The PAL (576i) pixel aspect ratio (PAR) is 59/54 (1,094), the NTSC (480i) pixel aspect ratio is 10/11.

The pixel aspect ratio must not be confused with the display aspect ratio (DAR) or where the common values are 4:3 and 16:9 (anamorphic format).

When doing a conversion of a video file from one size or format in another size or format, the resulting video geometry will be stretched or squished if the pixel aspect ratio is not accomodated. Usually the errors are small and there is no great damage in the result if the correct conversion factor is ignored. The difference can become critical if filters are applied or other synthetic effects are added.
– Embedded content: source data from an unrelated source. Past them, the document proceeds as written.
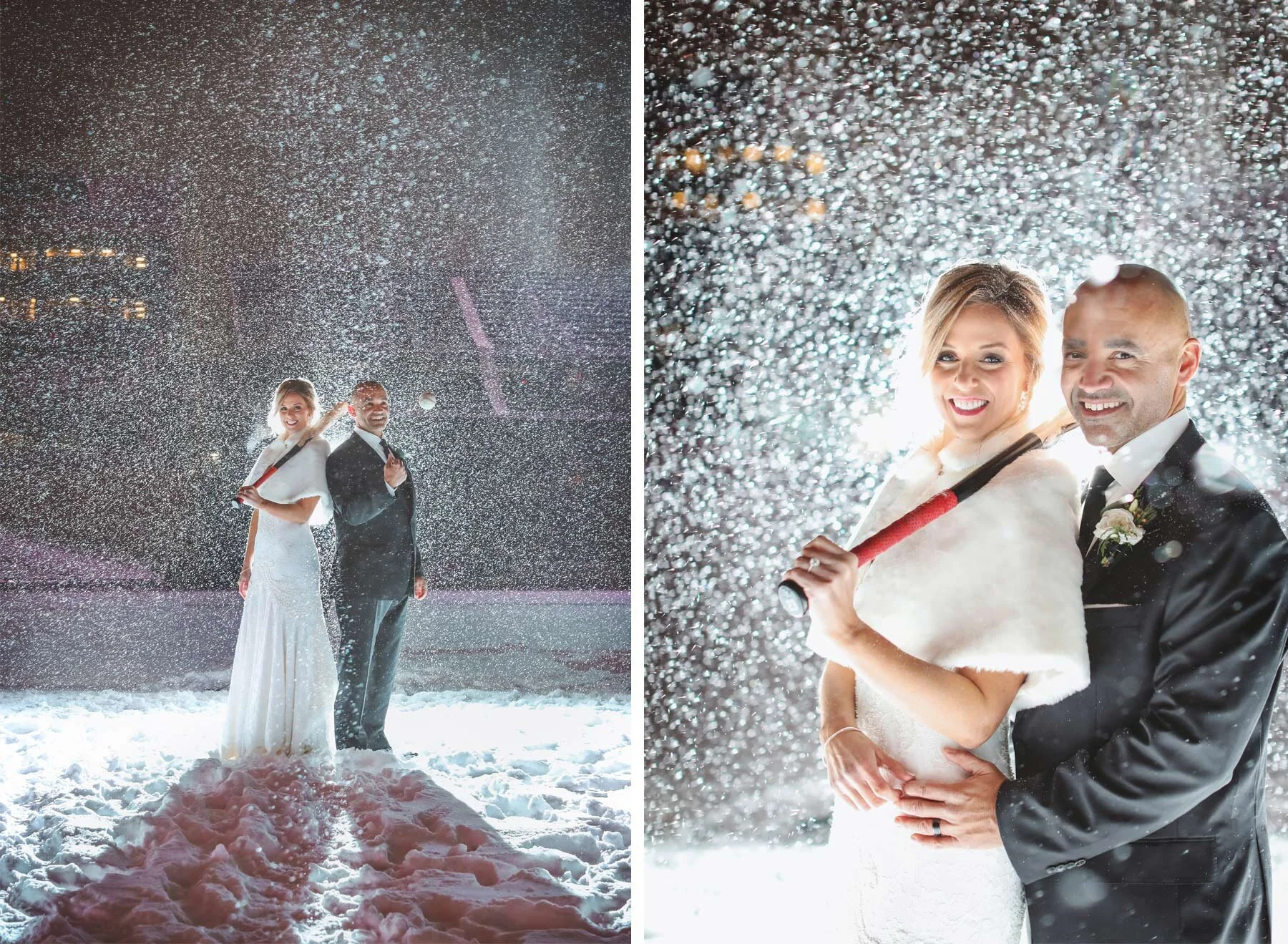 Power hitters are like power couples; they are fewer and farther between than you may think. It takes a watchful and discerning eye to identify the qualities that could lead to greatness. When one sees it, you make your move....decisively. Sometimes people settle for the good. Other times people are happy with better. Sean is a lifelong career scout for professional baseball and Leala scouts and teams professional talent in her work as well. So when it comes to their personal life, Leala and Sean decided to hold out for the very best. It was like they each waited for the top pick in the draft room and they ended up choosing each other. Everyone they invited knew it, and you could feel the energy build all night. As we traveled from Assumption Church to Target Field, snowflakes filled the sky and created a blanket of white to work with down on the field. Even the wedding party had fun behind the scenes of the stadium and in the locker room before we worked our way up to the party. As the dancing began, all in attendance knew that this choice was extremely special, a once in a generation. I can't wait to see what you two build from here!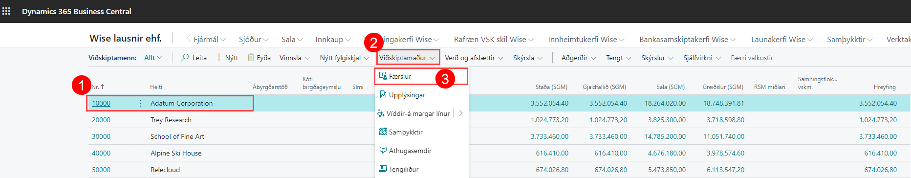 Velur þann viðskiptamann sem á að jafna, velja svo viðskiptamaður uppi í aðgerðarstikunni og smella svo á færslur.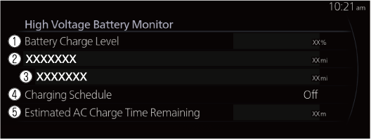 L'affichage de la distance maximale de conduite pour la batterie haute tension est indiqué.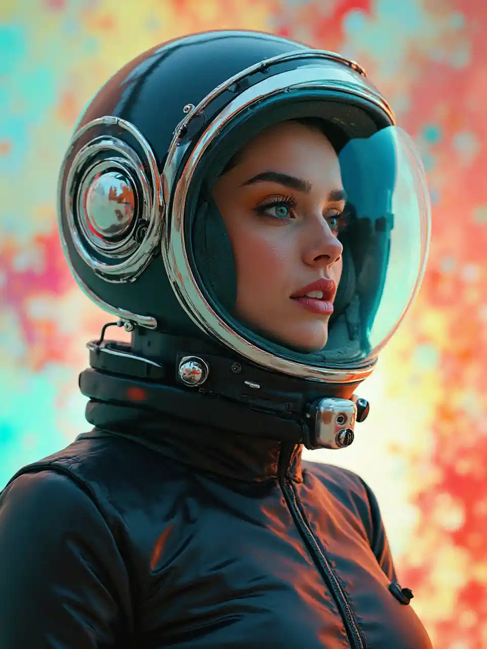 Abstract 1998, Fashion picha, 24mm, mbali risasi, 60'S astronaut mwanamke katika nyeusi na fedha spacesuit na kubwa plexiglass kofia , 80 digrii mtazamo, sanaa na Victor Moscoso na Bridget Riley Kodak 100K, Kufanya ni ya kichawi na Carne Griffiths sanaa fluid, Conrad Roset ilya kuvshinov, Mark Fielding, zwy studio high lights in eyes, salt.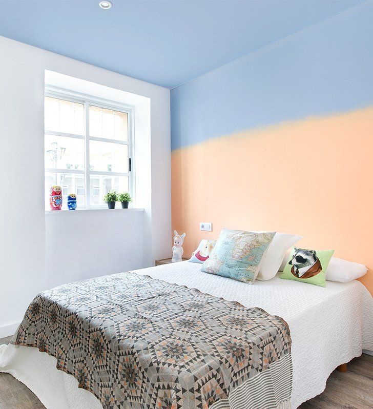 Bright shades are in vogue today. Therefore, if you have a can of paint in a bright color in your arsenal, you can paint one wall (or ceiling). This area will immediately attract attention. You can sew bright multi-colored pillowcases from textiles. Ideal if the paint and textiles are the same color.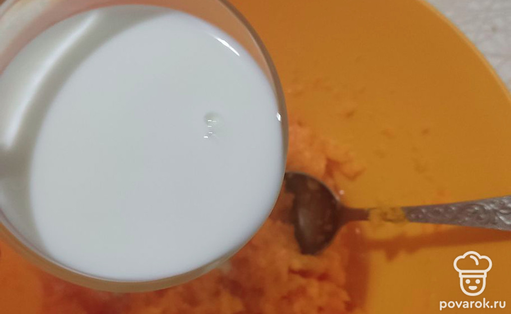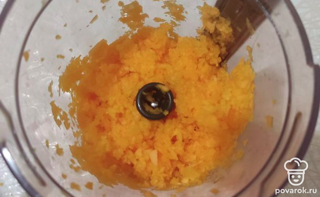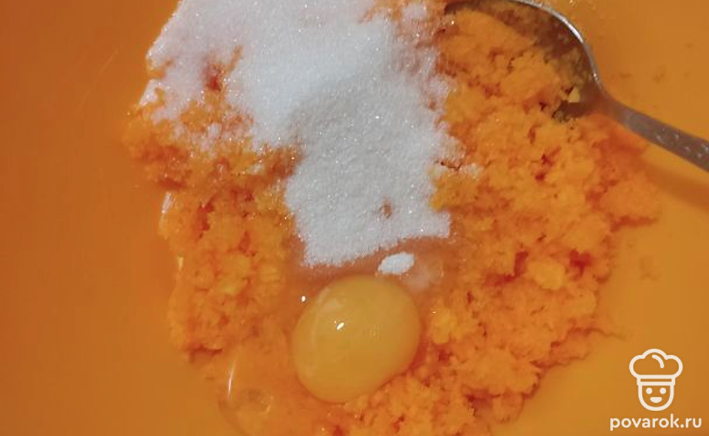 Выложим в глубокую миску тыкву, добавим яйцо и сахар. Все перемешаем.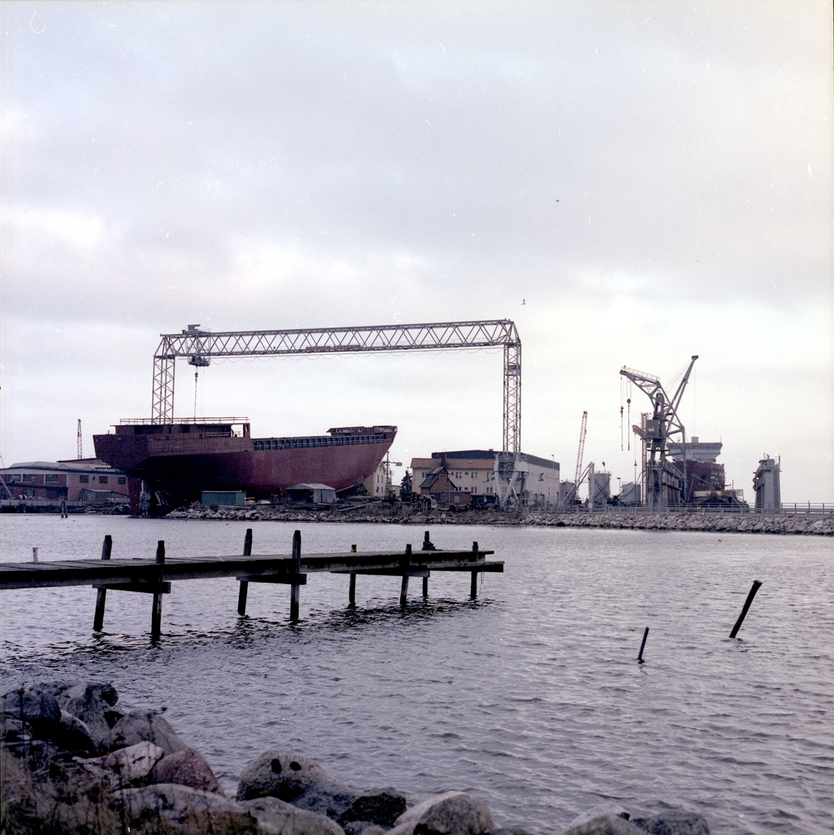 Ett fartyg som byggs under en bockkran på varvet.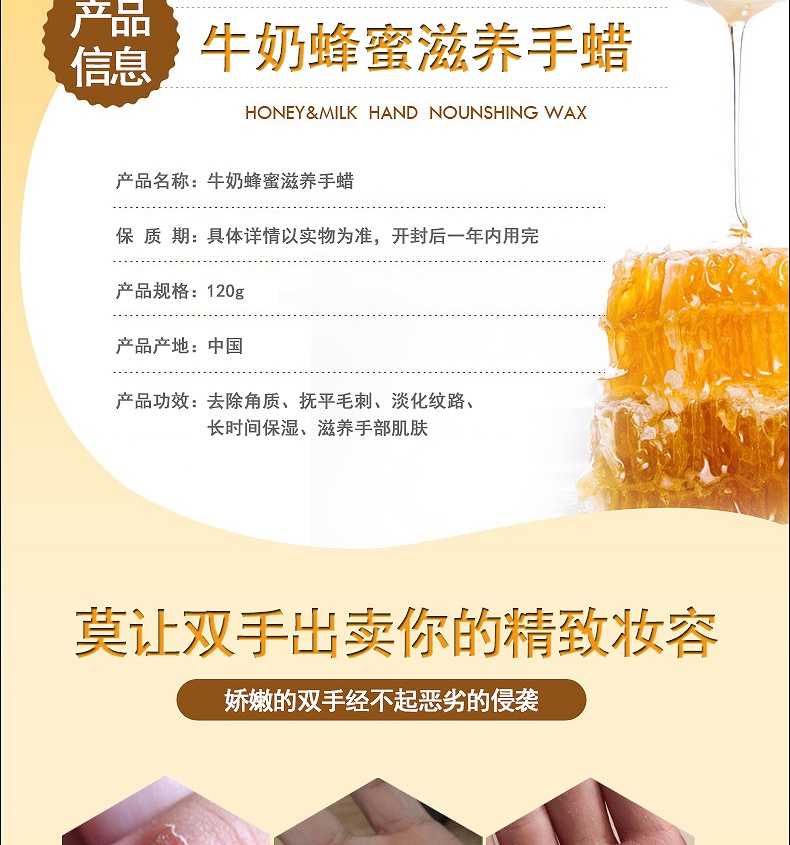 商品名称:莱蔻 牛奶蜂蜜滋养手蜡 改善老茧 淡化手纹 120g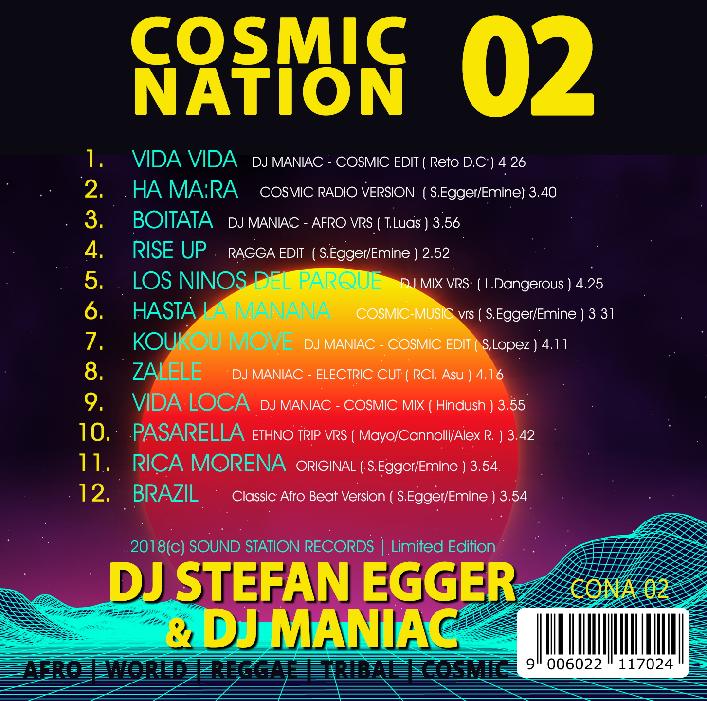 COSMIC NATION 02 | Stefan Egger + Maniac €18,90 Includes 19% MwSt. plus shipping - COSMIC NATION 02 | Stefan Egger + Maniac quantity + Add to cart Categories: DJ Stefan Egger, NO-MIX CD Related products Discover Cosmic 2008 : Dj Stefan Egger€18,90 Includes 19% MwSt. plus shippingAdd to cart afro cosmic 4 DJs | vol. 2€18,90 Includes 19% MwSt. plus shippingAdd to cart Cosmic Evolution : Dj Stefan Egger€18,90 Includes 19% MwSt. plus shippingAdd to cart afro cosmic 4 DJs | vol. 3€18,90 Includes 19% MwSt. plus shippingAdd to cart

More detailed informations are available in the lurker’s guide to video from Chris Pirazzi.

Another problem is that the commonly used digital video resolutions don’t exactly represent the actual 4:3 or 16:9 picture aspect ratios. All commonly used modern digital video standards  are based on their counterparts in analog video standards to avoid too many compatibility issues. The most used sampling rate in PAL and NTSC video systems is 13,5 Mhz.

PAL has a line length of 64 µs, of which 52 µs contains actual image information, the rest is reserved for horizontal blanking. 52 µs × 13.5 MHz = 702 samples per scanline. In the vertical direction, there are 574 complete lines and 2 half lines, giving a total of 576 scanlines. Thus, the active image area for a 4:3 or 16:9 frame at 13.5 MHz sampling is 702×576 pixels.

For NTSC, the same calculation gives an image area of 711×486 pixels.

Instead of using 702 or 711 samples per line, the digital video standard defines 720 samples (= pixels) per line to allow for little deviations from the ideal timing values and to use a common sampling rate of 13,5 Mhz.

When converting videos from one size to another, cropping or adding black side edges to the video is necessary to keep the correct image aspect ratio. Fortunately some video conversion softwares care for these conditions.

More details and a conversion table are available in the Quick Guide to Digital Video Resolution and Aspect Ratio Conversions maintained by Jukka Aho. Another useful tutorial about Pixel Aspect Ratio is available at the doom9.net website.

Ken Burns video effect

June 26th, 2011

The Ken Burns video effect is a popular name for a  panning and zooming effect used in video production from still imagery. The name refers to Kenneth Lauren “Ken” Burns,  an American director and producer of documentary films known for his style of using archival footage and photographs.

The technique is principally used in historical documentaries where film or video material is not available. The ffect is included in several movie edition softwares, for instance on the Windows platform in AVS Video Editor.

Will McGugan published a tutorial about the Ken Burns effect in javascript and canvas on his blog.

FOURCC.org

November 21st, 2010

FOURCC is short for “four character code” – an identifier for a video codec, compression format, color or pixel format used in media files. Another way to write FOURCC is 4CC. To find out which FOURCC’s are used within a media file, you need to use an application specialized to open and inspect the media file. Gspot, MediaInfo and ACIcodec are some of the tools supporting FOURCC.

A list of a few hundred video-codecs is available at the FOURCC website, a list of RGB- and YUV-pixel formats is available at the same site.

For audio codecs it is not FOURCC’s that is used, but rather audio tags, or an audio identifier – that identifies one specific audio codec or one type of audio compression scheme. An audio tag is an integer decimal value, often specified as a HEX value.

A great website about video- and audio-codecs is MovieCodec Forums/Downloads.